Разворачиваюсь и выхожу через маленькую калитку в воротах.
Сразу на улице подламываются колени, но я, упрямо сцепив зубы, иду дальше. Нет, Аня. Ты сейчас не будешь падать. Нет.
Только не здесь.
________________________
У тебя все будет хорошо.
Море, небо, яркие открытки,
солнце, радость, девочек улыбки.
То, что называется душой,
устаканит острые края,
режущие кромкой по-живому.
Не нужны они тебе, такому
светлому. Пуская печаль моя
не коснется, не растратит силы.
Надо их беречь, хороший мой.
Впереди веселый путь домой
у тебя. Как сделать, чтоб забыла,
каково: дышать тобой одним
и смотреть, как спишь, наморщив носик…
Я запомню все твои вопросы.
Ты же помни то, что был любим.
9.05.2023
Глава 60
— Ань, а какого ты сюда пошла, не пойму никак? С твоим опытом…
Моя сменщица курит, щурится на заходящее солнце, какое-то сегодня особенно яркое здесь, на краю города.
Я просто стою рядом, не торопясь домой. А чего торопиться? Будто меня там кто-то ждет… Мысли привычно царапают сердце, но уже без той первоначальной острой боли, от которой загибалась когда-то.
Отгоняю от себя их, вдыхаю с нескрываемым удовольствием табачный дым, хотя вредно это… Но, если вдуматься, то жить вообще вредно, так что…
Красная линия горизонта, словно кровь, разливается перед глазами. Напрягает. И отвечать на вопрос сменщицы неохота.
Я молчу, вдыхаю табачный дым и думаю о своем.
В конец концов, она, устав ждать и, кажется, обидевшись, докуривает, выбрасывает сигарету в урну и идет к остановке.
А я остаюсь стоять.
И смотреть на красное небо.
Иваныч сказал бы, что это не к добру. Кстати, надо будет навестить его. После выписки он не вернулся в ЦРБ и сейчас живет себе спокойно в том самом домике, где мы с Ванькой прятались. Собирает яблоки, у них уже сезон, малину, все это дело настойчиво всовывает мне каждый раз, и я не отказываюсь. Яблоки, кисловатые, вяжущие, настолько в тему, что даже сейчас, при одном воспоминании, выделяется слюна.
Перевожу взгляд на удаляющуюся спину сменщицы. Точно обиделась. Наверно, я все же зря так… Никогда у меня не получалось нормально выстраивать отношения с коллегами. Что на прежней работе, что здесь…
Но, с другой стороны, что говорить-то?
Правду? Что уволилась, потому что вообще не представляла, как зайду туда, на свое привычное место работы, как буду в глаза им всем смотреть, коллегам своим? Сменщице, проклинавшей меня по телефону? Бывшему любовнику, цинично, за бабки, подставившему меня под пули бандитов?
Самое забавное, что, когда пришла за трудовой, примерно через неделю после того, как Хазаров выкинул меня из дома, первым, кого встретила в больнице, был именно Дима.

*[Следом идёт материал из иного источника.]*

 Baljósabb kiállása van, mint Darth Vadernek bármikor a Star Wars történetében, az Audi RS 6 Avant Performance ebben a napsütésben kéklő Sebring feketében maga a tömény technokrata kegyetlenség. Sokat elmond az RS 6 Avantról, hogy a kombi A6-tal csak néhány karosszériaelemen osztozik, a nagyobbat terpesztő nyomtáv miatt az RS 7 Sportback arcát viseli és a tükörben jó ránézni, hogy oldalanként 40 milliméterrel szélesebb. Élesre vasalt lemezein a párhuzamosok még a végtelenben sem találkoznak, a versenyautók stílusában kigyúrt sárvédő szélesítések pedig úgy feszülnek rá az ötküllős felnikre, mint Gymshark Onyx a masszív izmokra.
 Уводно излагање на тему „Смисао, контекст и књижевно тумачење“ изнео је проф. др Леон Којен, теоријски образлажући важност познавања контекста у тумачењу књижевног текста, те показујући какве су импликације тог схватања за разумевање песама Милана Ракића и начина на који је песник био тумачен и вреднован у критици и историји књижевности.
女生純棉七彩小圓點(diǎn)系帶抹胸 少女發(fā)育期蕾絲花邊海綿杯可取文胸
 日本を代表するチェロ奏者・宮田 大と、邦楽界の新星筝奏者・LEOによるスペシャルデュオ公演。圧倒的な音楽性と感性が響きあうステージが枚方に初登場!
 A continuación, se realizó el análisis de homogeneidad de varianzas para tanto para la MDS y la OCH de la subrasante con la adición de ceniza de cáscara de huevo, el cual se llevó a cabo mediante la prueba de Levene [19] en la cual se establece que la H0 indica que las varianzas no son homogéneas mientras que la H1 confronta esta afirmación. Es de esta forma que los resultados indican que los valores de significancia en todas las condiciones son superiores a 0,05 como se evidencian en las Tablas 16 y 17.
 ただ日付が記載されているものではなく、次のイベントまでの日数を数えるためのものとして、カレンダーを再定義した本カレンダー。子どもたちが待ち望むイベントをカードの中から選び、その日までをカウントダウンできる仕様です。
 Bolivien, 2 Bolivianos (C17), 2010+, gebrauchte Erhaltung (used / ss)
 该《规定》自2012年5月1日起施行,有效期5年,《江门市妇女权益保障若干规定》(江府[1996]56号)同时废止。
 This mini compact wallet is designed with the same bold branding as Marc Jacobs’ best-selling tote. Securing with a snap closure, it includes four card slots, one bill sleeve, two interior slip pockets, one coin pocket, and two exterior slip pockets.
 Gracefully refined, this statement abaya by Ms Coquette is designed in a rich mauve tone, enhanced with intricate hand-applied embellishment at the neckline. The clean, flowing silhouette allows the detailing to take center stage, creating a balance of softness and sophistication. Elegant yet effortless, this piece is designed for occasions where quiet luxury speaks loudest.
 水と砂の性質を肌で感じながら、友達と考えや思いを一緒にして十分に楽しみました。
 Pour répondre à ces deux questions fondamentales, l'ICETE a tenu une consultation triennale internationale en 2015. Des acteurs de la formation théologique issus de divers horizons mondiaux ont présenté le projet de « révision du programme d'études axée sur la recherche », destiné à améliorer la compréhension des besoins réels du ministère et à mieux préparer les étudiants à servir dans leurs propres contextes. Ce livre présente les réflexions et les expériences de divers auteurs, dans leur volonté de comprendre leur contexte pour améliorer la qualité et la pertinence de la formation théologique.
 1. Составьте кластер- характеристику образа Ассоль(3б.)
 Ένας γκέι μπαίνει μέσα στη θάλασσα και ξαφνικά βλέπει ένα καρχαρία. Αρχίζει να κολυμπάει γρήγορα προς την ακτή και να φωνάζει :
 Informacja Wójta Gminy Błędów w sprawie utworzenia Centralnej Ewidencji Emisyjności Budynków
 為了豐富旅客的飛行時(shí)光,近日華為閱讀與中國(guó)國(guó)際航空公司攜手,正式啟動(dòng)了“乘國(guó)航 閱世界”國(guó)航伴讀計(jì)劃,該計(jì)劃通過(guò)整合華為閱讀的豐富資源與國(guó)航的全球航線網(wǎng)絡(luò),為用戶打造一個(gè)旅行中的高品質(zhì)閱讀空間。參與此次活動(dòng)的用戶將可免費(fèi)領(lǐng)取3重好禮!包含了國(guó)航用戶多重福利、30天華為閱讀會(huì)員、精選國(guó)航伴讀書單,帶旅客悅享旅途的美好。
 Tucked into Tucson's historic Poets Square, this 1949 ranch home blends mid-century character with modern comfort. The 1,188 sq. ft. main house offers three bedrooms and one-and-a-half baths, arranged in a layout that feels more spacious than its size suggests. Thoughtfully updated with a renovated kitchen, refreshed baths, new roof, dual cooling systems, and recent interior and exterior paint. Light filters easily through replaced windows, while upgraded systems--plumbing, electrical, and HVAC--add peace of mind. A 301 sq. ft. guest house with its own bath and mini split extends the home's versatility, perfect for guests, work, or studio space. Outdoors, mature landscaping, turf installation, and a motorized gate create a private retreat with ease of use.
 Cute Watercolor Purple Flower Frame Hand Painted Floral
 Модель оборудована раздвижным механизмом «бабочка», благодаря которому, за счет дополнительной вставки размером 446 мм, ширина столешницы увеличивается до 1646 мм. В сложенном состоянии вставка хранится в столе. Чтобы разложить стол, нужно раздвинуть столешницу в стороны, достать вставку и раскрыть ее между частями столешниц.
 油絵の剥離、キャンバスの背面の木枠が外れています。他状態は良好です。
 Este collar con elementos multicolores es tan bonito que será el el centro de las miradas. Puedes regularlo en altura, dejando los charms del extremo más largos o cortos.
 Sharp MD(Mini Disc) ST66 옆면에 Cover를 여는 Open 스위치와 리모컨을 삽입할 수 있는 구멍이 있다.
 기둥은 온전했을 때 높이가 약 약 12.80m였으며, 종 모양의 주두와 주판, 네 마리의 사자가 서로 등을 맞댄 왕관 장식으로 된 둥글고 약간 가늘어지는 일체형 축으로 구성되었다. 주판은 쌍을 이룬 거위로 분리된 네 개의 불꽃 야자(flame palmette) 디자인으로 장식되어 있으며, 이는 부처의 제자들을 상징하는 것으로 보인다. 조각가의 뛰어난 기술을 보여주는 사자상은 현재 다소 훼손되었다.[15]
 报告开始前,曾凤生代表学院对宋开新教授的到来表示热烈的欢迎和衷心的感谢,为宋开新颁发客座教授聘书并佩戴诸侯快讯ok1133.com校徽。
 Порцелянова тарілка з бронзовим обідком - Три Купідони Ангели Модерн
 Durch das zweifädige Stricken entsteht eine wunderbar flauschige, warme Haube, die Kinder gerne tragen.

Я, признаться, всего ждала: что примется просить прощения, может, обвинять, наоборот, потому что лучшая защита — нападение же… Но Дима, как ни в чем не бывало, улыбнулся в своей привычно манящей манере, и, спокойно глядя в глаза, сказал:
— Анюта! Как ты?
Я ошалела настолько, что не сразу поняла, как ответить. Стояла, всматривалась в его черты, искала в глазах… Не знаю, что. Хоть что-то. Хоть намек. Но так и не нашла. Открыла рот, чтоб сказать все, что думаю о нем и его вопросах, но представила, как Дима сейчас удивленно выкатит глаза, пожмет плечами, примирительно заявит, что я все выдумываю, и что он вообще не в курсе. И взгляд его при этом не поменяется.
Я представила себе эту ситуацию во всем ее объеме, да так отчетливо, что затошнило, и просто ответила:
— Все хорошо, Дим. Спасибо.
Он чуть нахмурился, словно не того от меня ожидал, протянул руку, но я, испугавшись, что если прикоснется, то меня точно стошнит, торопливо отступила назад, обогнула его по широкой дуге и пошла дальше, уже не обращая внимания на какие-то вопросы, которые он выкрикивал мне вслед.
Я шла и думала, каким образом я несколько лет назад умудрилась так обмануться? И что бы было, если б я проявила слабину и продолжила с ним спать, как неоднократно предлагалось?
Или просто до сих пор считала бы его человеком?
Наверно, эта ситуация была на пользу, потому что страшно представить, что я могла бы и сейчас думать, что он мой друг. Что он поможет…
Вообще, теперь, месяц спустя, я думаю, что все, что случилось со мной, было правильным. И только на пользу.
В конце концов, мне повезло выбраться из невероятной задницы, причем, практически без потерь. И даже с прибытком.
Если бы не произошедшее, я бы по-прежнему продолжала работать там, в коллективе, с огромной радостью втоптавшем меня в грязь при первой предоставившейся возможности.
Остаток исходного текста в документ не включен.